The second stage involves a cluster randomized trial at the posyandu (community health post) level within selected puskesmas. This stage evaluates the addition of calcium supplementation to MMS compared with MMS alone. Additional pregnant women will be enrolled outside the main MMS cohort and distributed across study arms. This component aims to assess the feasibility, acceptability, and operational considerations of co-administering calcium alongside MMS within the existing health system.

To support implementation across both study components, several operational and digital systems will be applied. Each supplement package will be labeled with a unique QR code to enable real-time tracking of supplement distribution and consumption through KoboToolbox. A Dynamic Worker Support (DWS) system will be implemented to assist Community Health Promoters in automated scheduling, task management, and field activity optimization.

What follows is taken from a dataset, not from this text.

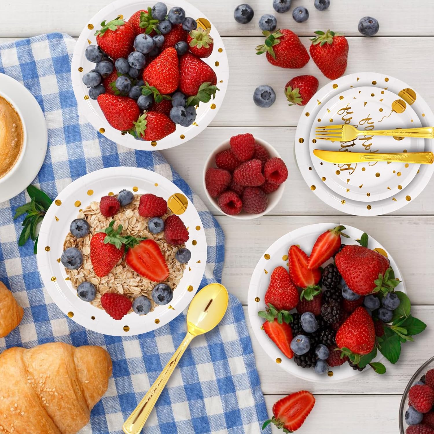 - COMPLETE PARTY PACKAGE: This set includes 201 pieces of birthday supplies like paper plates, cups, napkins, forks, knives and spoons to decorate and serve for a party of 25 guests.

Sample Size and Statistical Considerations

The sample size has been calculated based on the primary outcome of MMS adherence, accounting for clustering effects at both puskesmas and posyandu levels. Approximately 10,012 pregnant women will be enrolled in Stage 1 across 60 puskesmas clusters. In Stage 2, approximately 900 additional participants will be recruited to evaluate calcium co-supplementation. The sample size is designed to ensure adequate statistical power to detect meaningful differences between study groups.

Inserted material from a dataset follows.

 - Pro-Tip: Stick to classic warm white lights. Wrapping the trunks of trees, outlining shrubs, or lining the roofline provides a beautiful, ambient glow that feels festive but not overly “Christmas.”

A comprehensive quality assurance framework will be implemented to ensure data integrity, accuracy, and consistency across all study sites. Electronic data capture systems (KoboToolbox) will incorporate built-in validation rules, including range checks, consistency checks, and logical constraints across related variables. In addition, data validation will be strengthened through a double data entry process, whereby selected records are entered independently by two data entry personnel and discrepancies are identified and resolved through predefined verification procedures.

Routine centralized data monitoring will be conducted to assess data completeness, timeliness, and internal consistency. In addition, quality assurance (QA) activities will be implemented to assess field staff performance through direct verification. This includes periodic visits by QA staff to pregnant women to validate home visit activities conducted by field workers. QA may also be conducted through HealthComm by contacting participants to confirm services received and ensure consistency with reported data. These procedures aim to ensure adherence to study protocols, verify implementation fidelity, and maintain overall data quality.

A standardized data management system will be implemented, including a comprehensive data dictionary that defines all study variables, formats, permissible values, coding structures, and data sources. Where applicable, standardized coding approaches will be applied to ensure consistency.

All study procedures will be guided by Standard Operating Procedures (SOPs) and a detailed field manual to ensure standardized implementation across sites. The field manual provides step-by-step operational guidance for field staff, including participant recruitment, informed consent procedures, home visit protocols, supplement distribution, digital system utilization, and data collection processes.

It also outlines procedures for data management, adverse event reporting, and communication workflows between field teams and supervisors. Field staff, including Community Health Promoters, will receive structured training and ongoing supervision based on the field manual to ensure consistent, accurate, and high-quality implementation throughout the study.

Data quality checks during data collection will aim to minimize missingness. During analysis, appropriate statistical techniques, such as multiple imputation or sensitivity analyses, will be applied as specified in the statistical analysis plan.

All analyses will follow the intention-to-treat principle. Primary analyses will assess adherence to MMS across intervention arms using mixed-effects regression models to account for cluster randomization and potential confounders. The factorial design allows estimation of the independent and interaction effects of digital intervention and packaging type.

Secondary analyses will examine factors influencing adherence, maternal and neonatal outcomes, and the impact of calcium co-supplementation. Depending on the nature of the outcome variables, appropriate generalized linear (mixed-effects) models will be employed. Binary outcomes will be analyzed using mixed-effects logistic regression models, continuous outcomes using linear mixed-effects models, and count or proportion outcomes using Poisson or binomial-based models with appropriate link functions. All models will account for clustering at the study design level and adjust for relevant covariates. Subgroup and sensitivity analyses will be conducted to assess the robustness and generalizability of the findings.